PROBLEM DETAILS —
Copy each line below as written, but skip the pictures.

EXERCISE DATA —
== Segment start ==

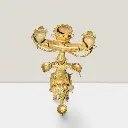 Rising from the elephant’s back is a human figure with outstretched arms, gracefully supporting a circular tray-like structure. This upper tier features small cups or containers, designed to function as oil lamps, making the sculpture not just a decorative artifact but also a ceremonial lamp. The trays are intricately embellished with rope-like and scalloped patterns, adding to the piece's ornate appeal.
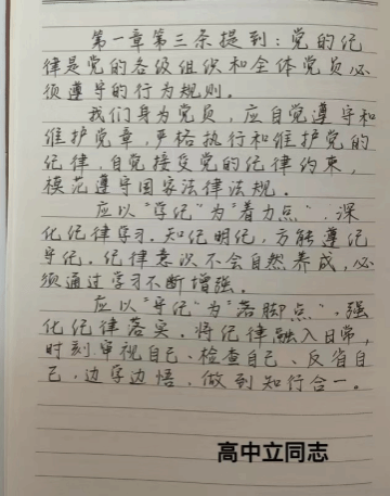 高中立同志:第一章第三条提到:党的纪律是党的各级组织和全体党员必须遵守的行为规则。我们身为党员,应自觉遵守和维护党章,严格执行和维护党的纪律,自觉接受党的纪律约束,模范遵守国家法律法规;我们应以“学纪”为“着力点”,深化纪律学习。知纪明纪,方能遵纪守纪。纪律意识不会自然养成,必须通过学习不断增强;我们应以“守纪”为“落脚点”,强化纪律落实。将纪律融入日常,时刻审视自己、检查自己、反省自己,边学边悟,做到知行合一。
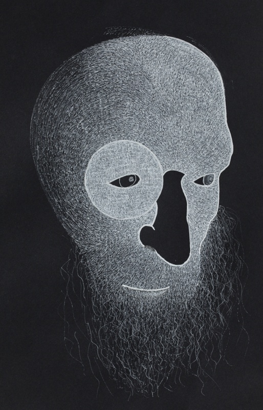 About this objectWhite ink on black paper depicting a white face with a long beard, a circle over one eye, and a black nose.
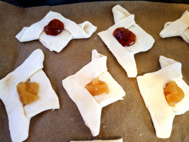 Выложите противень бумагой для выпечки. Уложите на нее заготовки. В центр каждой положите по чайной ложке варенья. Пусть вас не пугает, что варенья много — тесто при выпечке хорошо поднимется и варенье окажется в углублении.
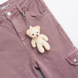 Παντελόνα τζήν λύκρα μαλακό με πλαΐνές τσέπες και μεταλλικό μπρελόκ αρκουδάκι για κορίτσι 6-16 χρονών σε χρώμα καμέλια
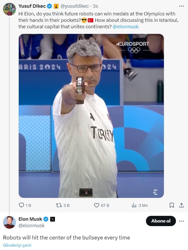 Paris 2024 Olimpiyat Oyunları'nda eli cebindeki pozuyla damga vuran Milli sporcumuz Yusuf Dikeç, bu kez Elon Musk'ı hedef aldı. Musk'ı İstanbul'a davet eden Dikeç, "Merhaba Elon, sizce geleceğin robotları elleri ceplerinde olimpiyatlarda madalya kazanabilecekler mi?" sorusunu yöneltti. Elon Musk'ın yanıtı ise gecikmedi...
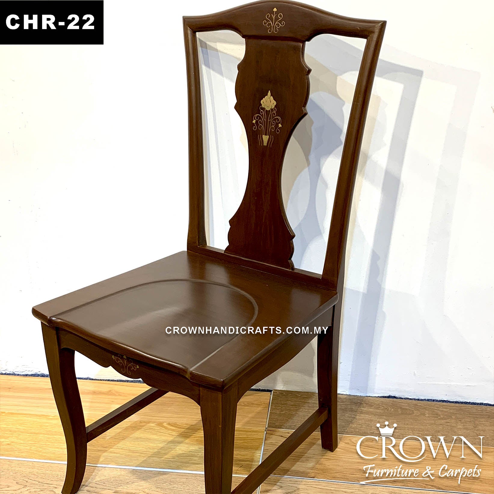Solid Wood Dining Chair with Tasteful Brass inlay | CHR-22 (L19 W19 H41 Inches)
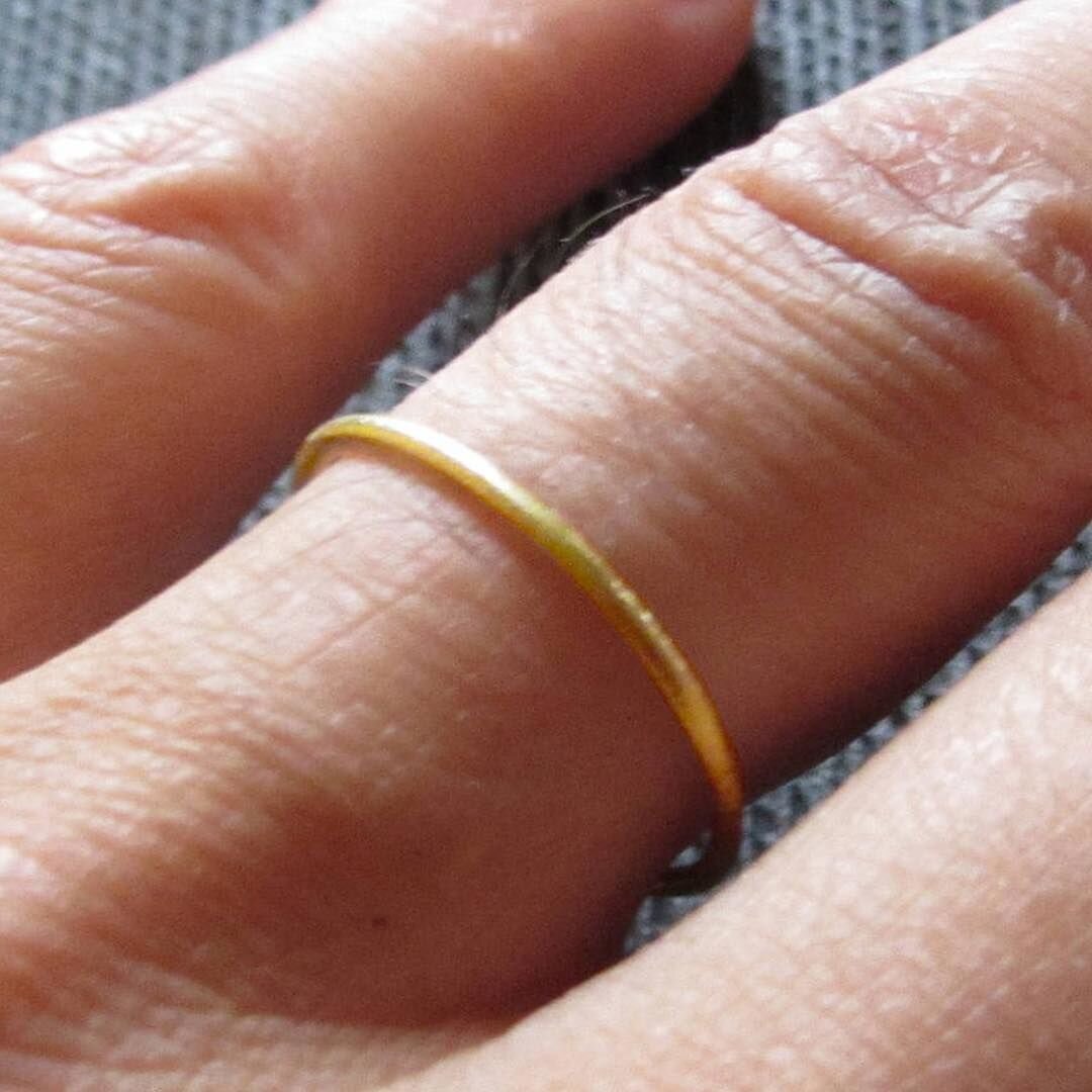 Made of 22k recycled gold, a cute and skinny handcrafted ring. The 22K yellow gold is a gorgeous rich yellow. This thin, simple and elegant fine gold ring is a slender 1 mm wide, making it ideal to wear in stacks.
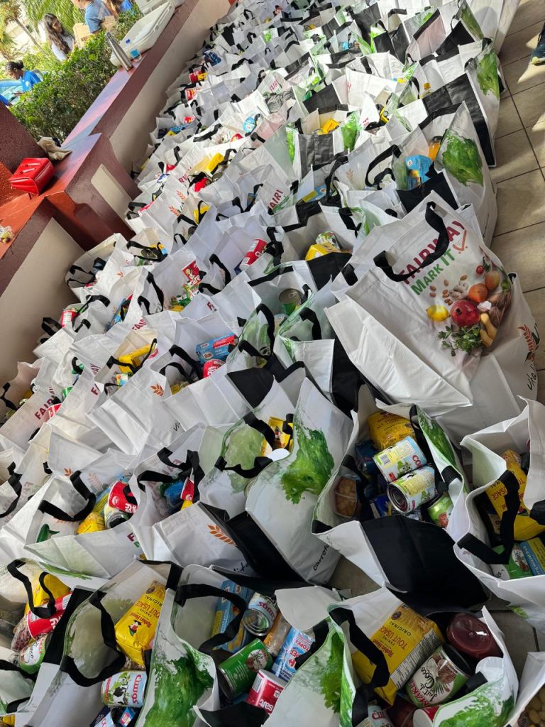 PHILIPSBURG, St. Maarten – Miembros del Club Rotario de St. Maarten, los clubes Learning Unlimited Interact y EarlyAct, y el Club Interact de la Academia de St. Maarten se reunieron hoy en Belair Community Center para preparar 225 canastas de alimentos para las próximas fiestas navideñas. Un grupo de voluntarios preparó una cadena de montaje con harina, arroz, cereales, verduras enlatadas y muchos otros alimentos necesarios para una gran cena navideña, colocándolos en bolsas de Carrefour Market y organizándolas para su entrega el mismo día directamente a quienes las necesitan.
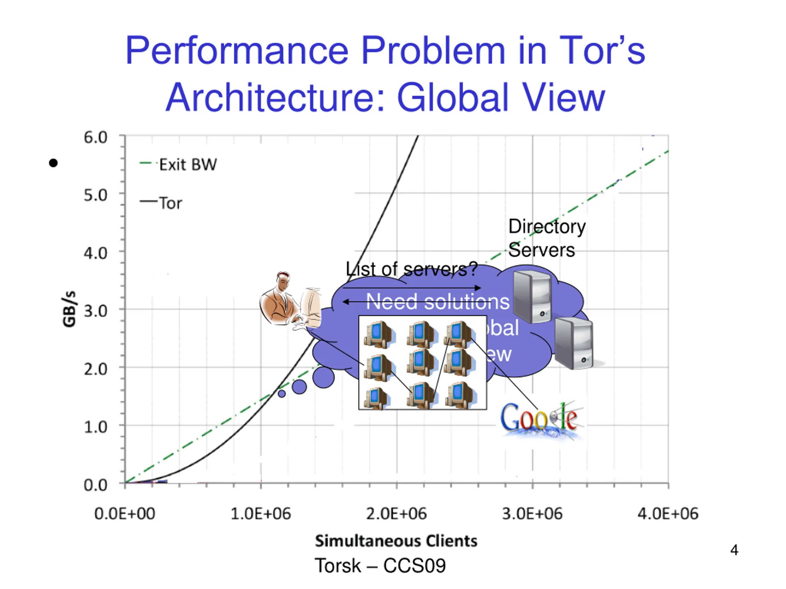 Performance Problem in Tors Architecture: Global View Global view Not scalable Directory Servers List of servers? Need solutions without global system view 4 Torsk CCS09
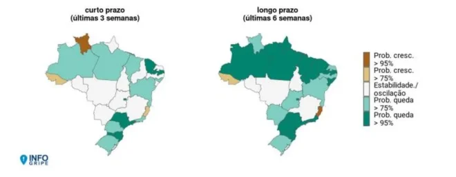 Em nível nacional, foi observada ‘manutenção de queda ou estabilização, na população adulta, dos casos positivos para Sars-CoV-2 e influenza A na maioria dos estados’. Nos dois estados onde foram identificados o crescimento a longo prazo, os casos se concentram nas crianças e pré-adolescentes de 5 a 14 anos.
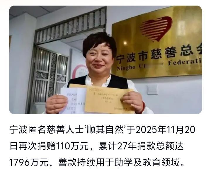 宁波神秘人“顺其自然”再捐110万!27年匿名捐赠1796万背后的真相让人泪目 (来源:综合宁波市慈善总会及网络平台热议) 当城市华灯初起,一份落款“其其”的汇款单悄然抵达宁波市慈善总会。110万元善款,没有联系方式,没有真实地址,只有熟悉的签名和一句“用于助学”。这是“顺其自然”的第27次捐款,27年累计1796万元。他像一阵风,吹散贫困学子的阴霾,却从未留下姓名。 有人说,这是当代“侠客”的传奇。一张张汇款单,化名从“顺顺”到“其顺”,地址永远虚构,金额永远不超过1万元——只为规避追踪。他像暗夜中的萤火,微弱却坚定地照亮无数寒门学子的前程。宁波慈善总会工作人员含泪说:“我们不知他是谁,但知道他在为谁拼命。” 为何执着匿名?或许《了凡四训》中“阴德天报之”道破天机。世人追逐名利时,他选择将善意埋进泥土。有网友感慨:“他捐的不是钱,是一颗滚烫的心。”更有人翻出受助者留言:“曾经的我因他圆了大学梦,如今也成了支教老师。”爱的循环,在此刻震耳欲聋。 然而争议随之而来。“为何不亲自捐助?”“善款明细敢公开吗?”质疑声中,一位老者犀利回应:“若他为避税,何必坚持27年?若他求名利,早该站在聚光灯下!”真相或许是:纯粹的灵魂,从不需要观众。 翻开受助学生的信笺,字句灼热。“谢谢‘顺其自然’叔叔阿姨,我会带着这份温暖走下去”“原来世界上真有无条件的爱”。这些眼泪与誓言,比任何账目更能证明善款的价值。宁波慈善总会坦言:“每分钱都用于助学,这是与他的默契。” 我们追问“他是谁”,不如思考“我们能成为谁”。当有人计较捐款抵税时,他默默汇出百万;当有人炒作慈善人设时,他隐身人海。有网友一针见血:“他让我们羞愧——自己还在计较得失,有人已奉献半生。” 这个时代不缺英雄,缺的是甘当无名之辈的英雄。从1999年到2025年,中国经济腾飞、网络更迭,唯一不变的是每年冬季那封汇款信。它像一声钟鸣,惊醒麻木的心灵:原来极致浪漫,是让世界变好却不留姓名。 若你问为何要相信光?请看那1796万元筑起的课堂、图书馆与梦想。最后,让我们用一位网友的留言作结:“虽不知你是谁,但谢谢你让我相信,平凡人也能成为别人的苍穹。” 宁波身边事
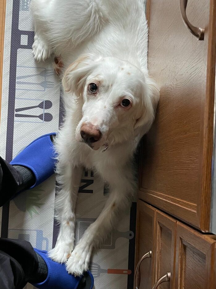 台所に飼い主が立っているときには、足元に座ってじっと見つめたり、かわいらしい姿を家族にたくさん見せてくれます。

== Segment end ==

ANSWER FOR THE TASK —
 Rising from the elephant’s back is a human figure with outstretched arms, gracefully supporting a circular tray-like structure. This upper tier features small cups or containers, designed to function as oil lamps, making the sculpture not just a decorative artifact but also a ceremonial lamp. The trays are intricately embellished with rope-like and scalloped patterns, adding to the piece's ornate appeal.
 高中立同志:第一章第三条提到:党的纪律是党的各级组织和全体党员必须遵守的行为规则。我们身为党员,应自觉遵守和维护党章,严格执行和维护党的纪律,自觉接受党的纪律约束,模范遵守国家法律法规;我们应以“学纪”为“着力点”,深化纪律学习。知纪明纪,方能遵纪守纪。纪律意识不会自然养成,必须通过学习不断增强;我们应以“守纪”为“落脚点”,强化纪律落实。将纪律融入日常,时刻审视自己、检查自己、反省自己,边学边悟,做到知行合一。
 About this objectWhite ink on black paper depicting a white face with a long beard, a circle over one eye, and a black nose.
 Выложите противень бумагой для выпечки. Уложите на нее заготовки. В центр каждой положите по чайной ложке варенья. Пусть вас не пугает, что варенья много — тесто при выпечке хорошо поднимется и варенье окажется в углублении.
 Παντελόνα τζήν λύκρα μαλακό με πλαΐνές τσέπες και μεταλλικό μπρελόκ αρκουδάκι για κορίτσι 6-16 χρονών σε χρώμα καμέλια
 Paris 2024 Olimpiyat Oyunları'nda eli cebindeki pozuyla damga vuran Milli sporcumuz Yusuf Dikeç, bu kez Elon Musk'ı hedef aldı. Musk'ı İstanbul'a davet eden Dikeç, "Merhaba Elon, sizce geleceğin robotları elleri ceplerinde olimpiyatlarda madalya kazanabilecekler mi?" sorusunu yöneltti. Elon Musk'ın yanıtı ise gecikmedi...
Solid Wood Dining Chair with Tasteful Brass inlay | CHR-22 (L19 W19 H41 Inches)
 Made of 22k recycled gold, a cute and skinny handcrafted ring. The 22K yellow gold is a gorgeous rich yellow. This thin, simple and elegant fine gold ring is a slender 1 mm wide, making it ideal to wear in stacks.
 PHILIPSBURG, St. Maarten – Miembros del Club Rotario de St. Maarten, los clubes Learning Unlimited Interact y EarlyAct, y el Club Interact de la Academia de St. Maarten se reunieron hoy en Belair Community Center para preparar 225 canastas de alimentos para las próximas fiestas navideñas. Un grupo de voluntarios preparó una cadena de montaje con harina, arroz, cereales, verduras enlatadas y muchos otros alimentos necesarios para una gran cena navideña, colocándolos en bolsas de Carrefour Market y organizándolas para su entrega el mismo día directamente a quienes las necesitan.
 Performance Problem in Tors Architecture: Global View Global view Not scalable Directory Servers List of servers? Need solutions without global system view 4 Torsk CCS09
 Em nível nacional, foi observada ‘manutenção de queda ou estabilização, na população adulta, dos casos positivos para Sars-CoV-2 e influenza A na maioria dos estados’. Nos dois estados onde foram identificados o crescimento a longo prazo, os casos se concentram nas crianças e pré-adolescentes de 5 a 14 anos.
 宁波神秘人“顺其自然”再捐110万!27年匿名捐赠1796万背后的真相让人泪目 (来源:综合宁波市慈善总会及网络平台热议) 当城市华灯初起,一份落款“其其”的汇款单悄然抵达宁波市慈善总会。110万元善款,没有联系方式,没有真实地址,只有熟悉的签名和一句“用于助学”。这是“顺其自然”的第27次捐款,27年累计1796万元。他像一阵风,吹散贫困学子的阴霾,却从未留下姓名。 有人说,这是当代“侠客”的传奇。一张张汇款单,化名从“顺顺”到“其顺”,地址永远虚构,金额永远不超过1万元——只为规避追踪。他像暗夜中的萤火,微弱却坚定地照亮无数寒门学子的前程。宁波慈善总会工作人员含泪说:“我们不知他是谁,但知道他在为谁拼命。” 为何执着匿名?或许《了凡四训》中“阴德天报之”道破天机。世人追逐名利时,他选择将善意埋进泥土。有网友感慨:“他捐的不是钱,是一颗滚烫的心。”更有人翻出受助者留言:“曾经的我因他圆了大学梦,如今也成了支教老师。”爱的循环,在此刻震耳欲聋。 然而争议随之而来。“为何不亲自捐助?”“善款明细敢公开吗?”质疑声中,一位老者犀利回应:“若他为避税,何必坚持27年?若他求名利,早该站在聚光灯下!”真相或许是:纯粹的灵魂,从不需要观众。 翻开受助学生的信笺,字句灼热。“谢谢‘顺其自然’叔叔阿姨,我会带着这份温暖走下去”“原来世界上真有无条件的爱”。这些眼泪与誓言,比任何账目更能证明善款的价值。宁波慈善总会坦言:“每分钱都用于助学,这是与他的默契。” 我们追问“他是谁”,不如思考“我们能成为谁”。当有人计较捐款抵税时,他默默汇出百万;当有人炒作慈善人设时,他隐身人海。有网友一针见血:“他让我们羞愧——自己还在计较得失,有人已奉献半生。” 这个时代不缺英雄,缺的是甘当无名之辈的英雄。从1999年到2025年,中国经济腾飞、网络更迭,唯一不变的是每年冬季那封汇款信。它像一声钟鸣,惊醒麻木的心灵:原来极致浪漫,是让世界变好却不留姓名。 若你问为何要相信光?请看那1796万元筑起的课堂、图书馆与梦想。最后,让我们用一位网友的留言作结:“虽不知你是谁,但谢谢你让我相信,平凡人也能成为别人的苍穹。” 宁波身边事
 台所に飼い主が立っているときには、足元に座ってじっと見つめたり、かわいらしい姿を家族にたくさん見せてくれます。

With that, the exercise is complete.